■ **The task**
Give back exactly the lines starting at the one with "また、オンラインツールは必要" and ending at the last line of the data below. Pictures are not part of the copy.

──────── Records to process ────────

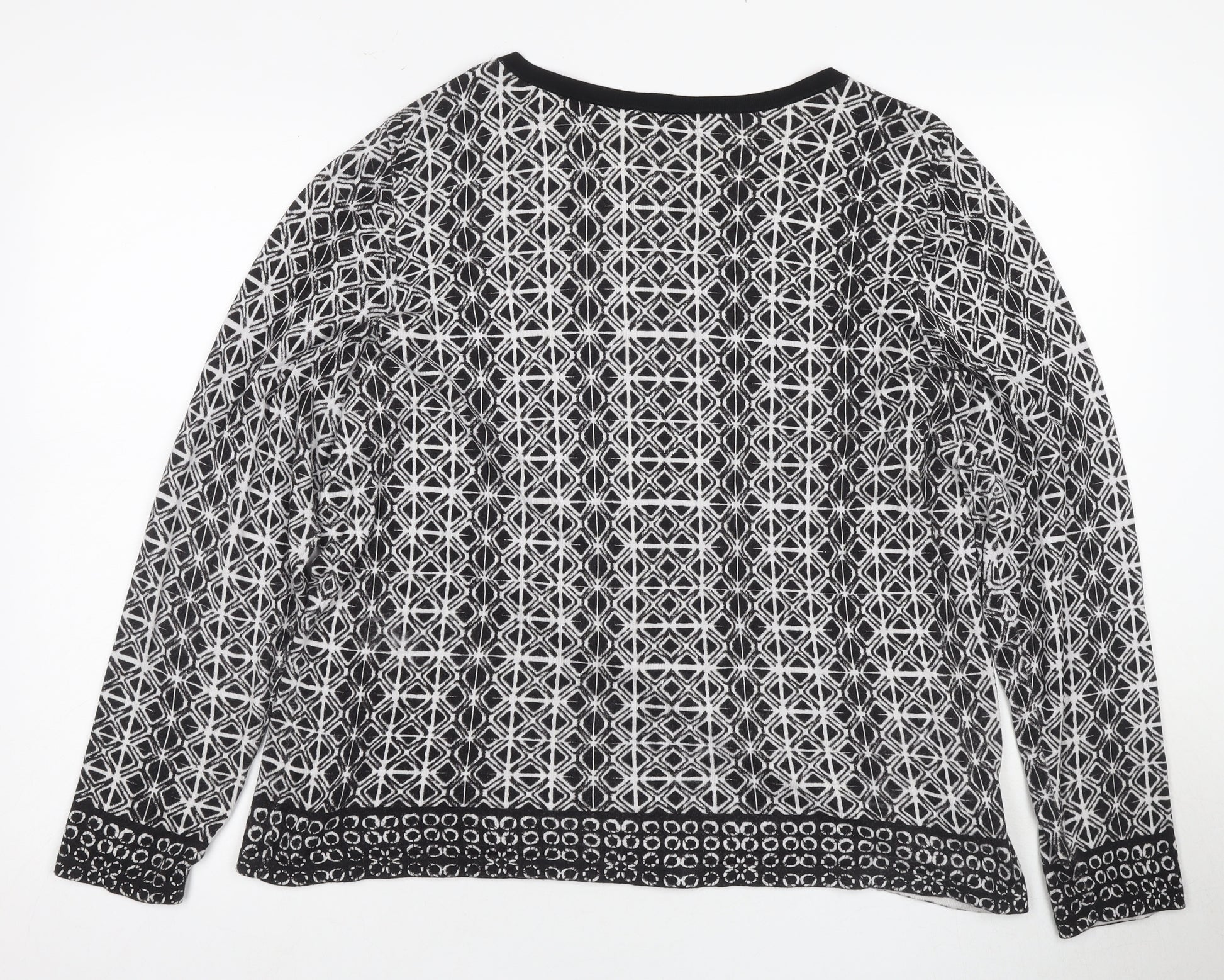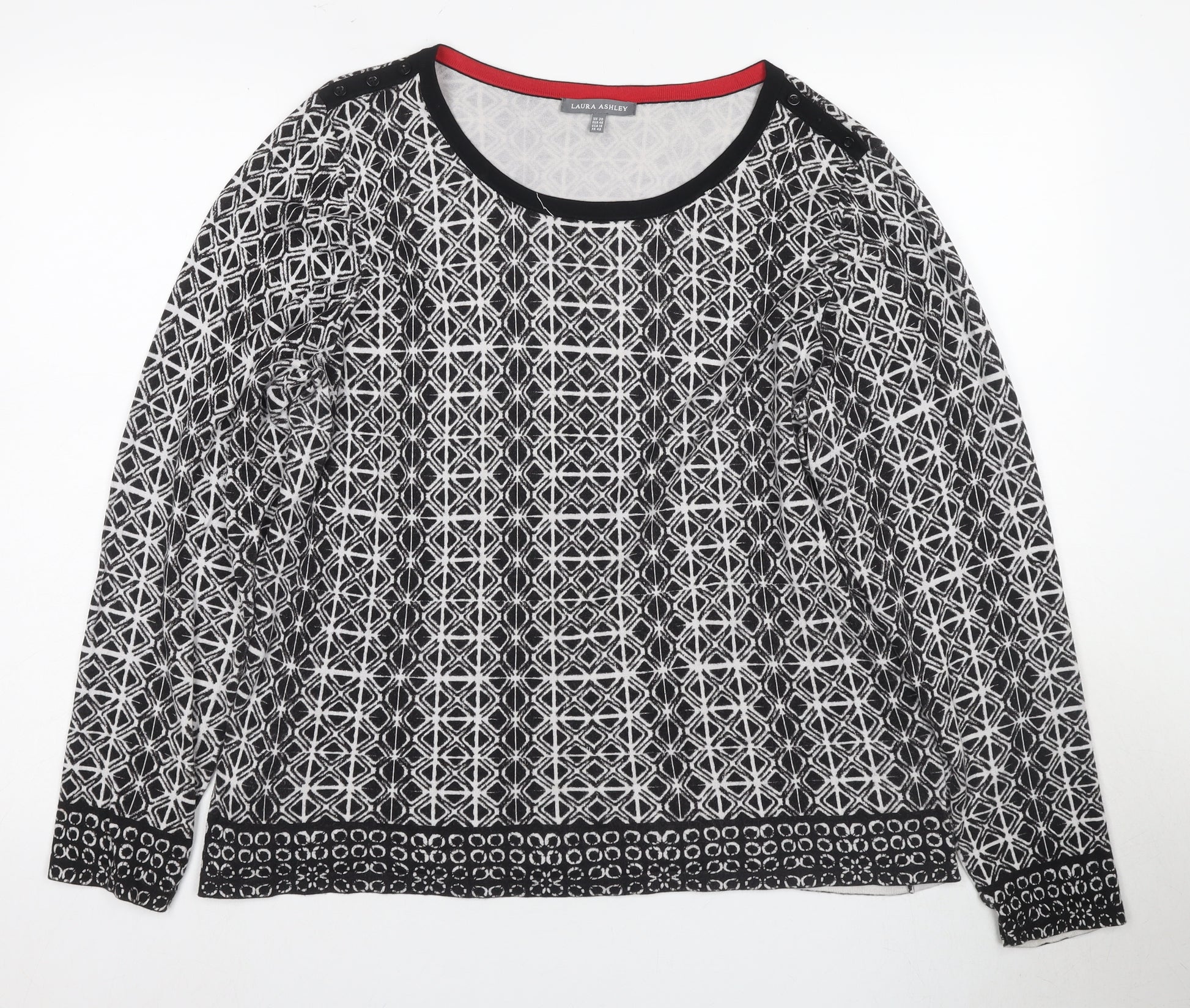 Elevate your wardrobe with this elegant Laura Ashley women's blouse in a classic black geometric pattern. Crafted for both comfort and style, this blouse is perfect for casual occasions while still offering a sophisticated edge. Made from a quality blend of viscose, nylon, and elastane, it offers a comfortable fit with subtle stretch. The long sleeves provide an ideal choice for cooler days, while the pullover closure ensures ease of wear. Featuring a regular size fit, this blouse can be easily paired with jeans or skirts to create a variety of looks. With its machine washable fabric, maintaining its pristine condition is a breeze. Offering a high-quality finish with no visible signs of wear, this item is in excellent condition and ready to enhance your collection. Don't miss out on this beautiful piece from Laura Ashley, a renowned brand known for its timeless designs. Perfect for adding a touch of elegance to any ensemble, it's sure to become a favourite in your daily rotation.
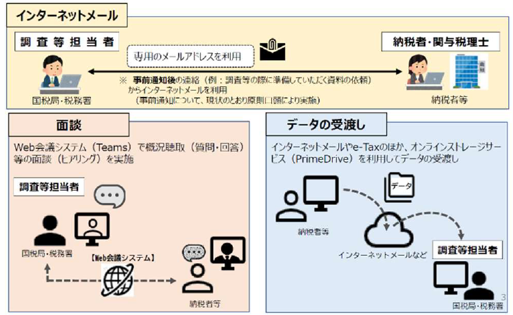 また、オンラインツールは必要に応じて行われるため、連絡はメールで行い、面談は調査官と納税者が直接対面で行うというケースも想定されるようです。
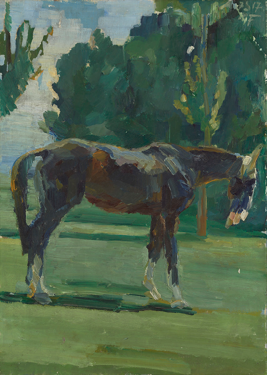 Max Feldbauer, Pferd im Grünen, 1917, Bayerische Staatsgemäldesammlungen – Neue Pinakothek, URL: https://www.sammlung.pinakothek.de/en/artwork/ZnxwPvnLXg (Last updated on 10.10.2025)
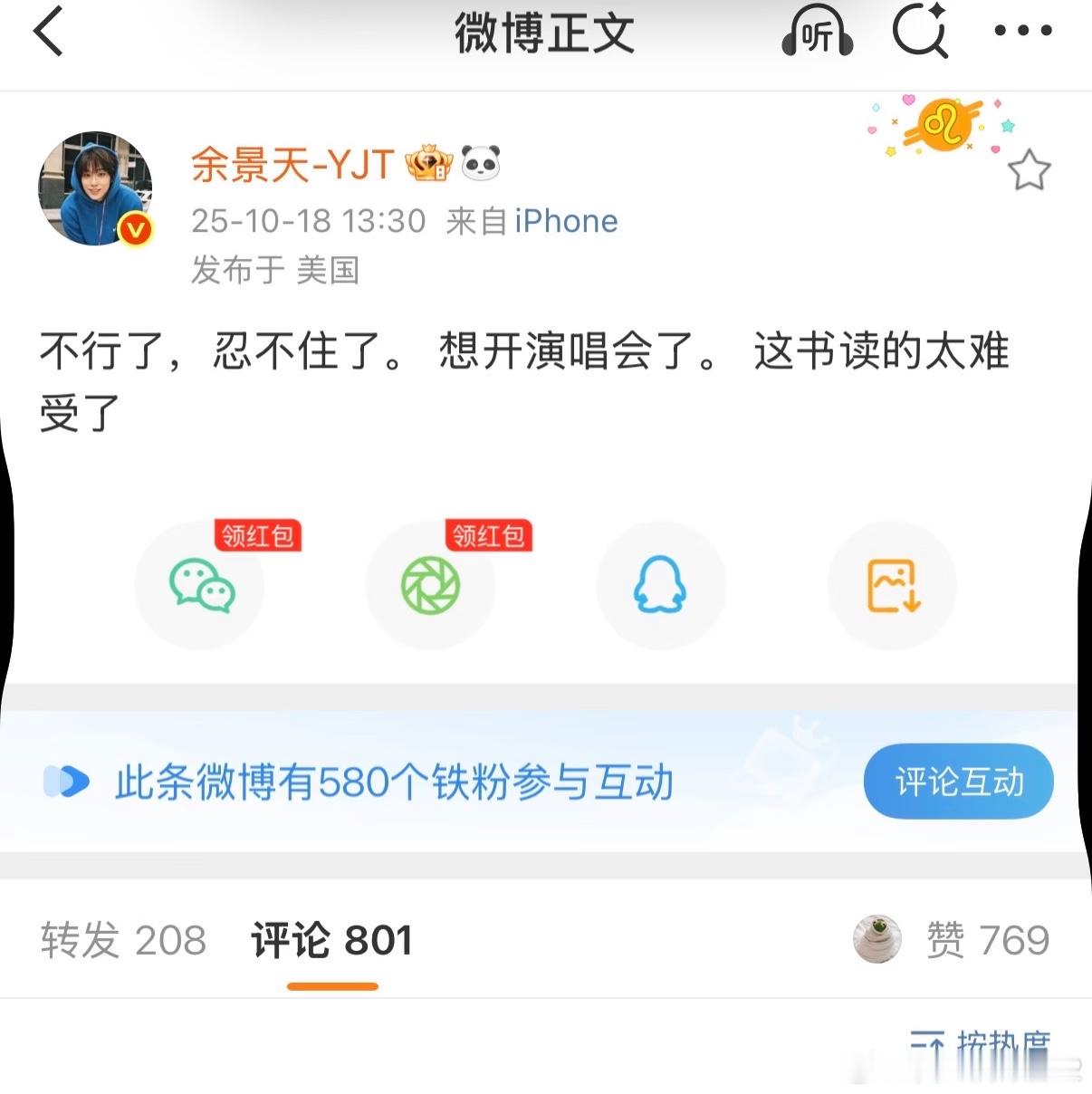 余景天:想开演唱会了。这书读的太难受了
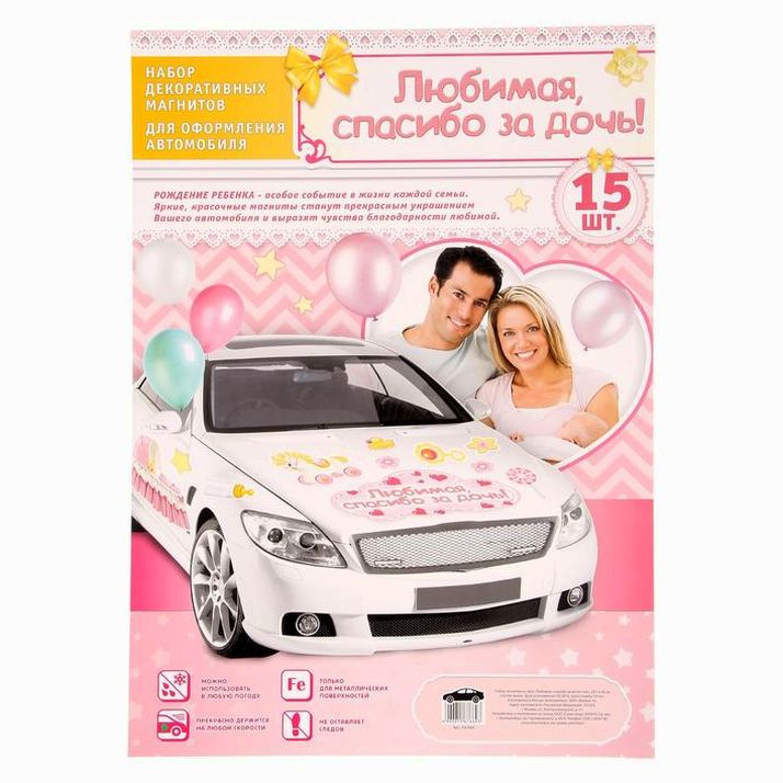 Набор магнитов на авто «Любимая, спасибо за дочь!», на выписку (№1567669).

────────

■ **Exercise answer**
 また、オンラインツールは必要に応じて行われるため、連絡はメールで行い、面談は調査官と納税者が直接対面で行うというケースも想定されるようです。
 Max Feldbauer, Pferd im Grünen, 1917, Bayerische Staatsgemäldesammlungen – Neue Pinakothek, URL: https://www.sammlung.pinakothek.de/en/artwork/ZnxwPvnLXg (Last updated on 10.10.2025)
 余景天:想开演唱会了。这书读的太难受了
 Набор магнитов на авто «Любимая, спасибо за дочь!», на выписку (№1567669).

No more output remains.